Comment by therobots927
Comment by therobots927 3 days ago
This is pure sophistry and the use of formal mathematical notation just adds insult to injury here:
“Think about it: we’ve built a special kind of function F' that for all we know can now accept anything — compose poetry, translate messages, even debug code! — and we expect it to always reply with something reasonable.”
This forms the axiom from which the rest of this article builds its case. At each step further fuzzy reasoning is used. Take this for example:
“Can we solve hallucination? Well, we could train perfect systems to always try to reply correctly, but some questions simply don't have "correct" answers. What even is the "correct" when the question is "should I leave him?".”
Yes of course relationship questions don’t have a “correct” answer. But physics questions do. Code vulnerability questions do. Math questions do. I mean seriously?
The most disturbing part of my tech career has been witnessing the ability that many highly intelligent and accomplished people have to apparently fool themselves with faulty yet complex reasoning. The fact that this article is written in defense of chatbots that ALSO have complex and flawed reasoning just drives home my point. We’re throwing away determinism just like that?

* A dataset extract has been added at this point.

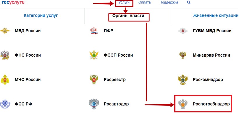 Прежде чем приступить к самому процессу заполнения анкеты (из Турции в Россию или из другой зарубежной страны прилетел россиянин), на главной странице портала Госуслуги перейдите в раздел «Услуги» — «Органы власти» — «Роспотребнадзор», а затем выберите графу «Передача результатов тестов и иммунизации от коронавирусной инфекции».

I’m not saying future computing won’t be probabilistic but to say that LLMs are probabilistic, so they are the future of computing can only be said by someone with an incredibly strong prior on LLMs.
I’d recommend Baudrillards work on hyperreality. This AI conversation could not be a better example of the loss of meaning. I hope this dark age doesn’t last as long as the last one. I mean just read this conclusion:
“It's ontologically different. We're moving away from deterministic mechanicism, a world of perfect information and perfect knowledge, and walking into one made of emergent unknown behaviors, where instead of planning and engineering we observe and hypothesize.”
I don’t actually think the above paragraph makes any sense, does anyone disagree with me? “Instead of planning we observe and hypothesize”?
That’s called the scientific method. Which is a PRECURSOR to planning and engineering. That’s how we built the technology we have today. I’ll stop now because I need to keep my blood pressure low.
You seem to be having strong emotions about this stuff, so I'm a little nervous that I'm going to get flamed in response, but my best take at a well-intentioned response:
I don't think the author is arguing that all computing is going to become probabilistic. I don't get that message at all - in fact they point out many times that LLMs can't be trusted for problems with definite answers ("if you need to add 1+1 use a calculator"). Their opening paragraph was literally about not blindly trusting LLM output.
> I don’t actually think the above paragraph makes any sense, does anyone disagree with me?
Yes - it makes perfect sense to me. Working with LLMs requires a shift in perspective. There isn't a formal semantics you can use to understand what they are likely to do (unlike programming languages). You really do need to resort to observation and hypothesis testing, which yes, the scientific method is a good philosophy for! Two things can be true.
> the use of formal mathematical notation just adds insult to injury here
I don't get your issue with the use of a function symbol and an arrow. I'm a published mathematician - it seems fine to me? There's clearly no serious mathematics here, it's just an analogy.
> This AI conversation could not be a better example of the loss of meaning.
The "meaningless" sentence you quote after this is perfectly fine to me. It's heavy on philosophy jargon, but that's more a taste thing no? Words like "ontology" aren't that complicated or nonsensical - in this case it just refers to a set of concepts being used for some purpose (like understanding the behaviour of some code).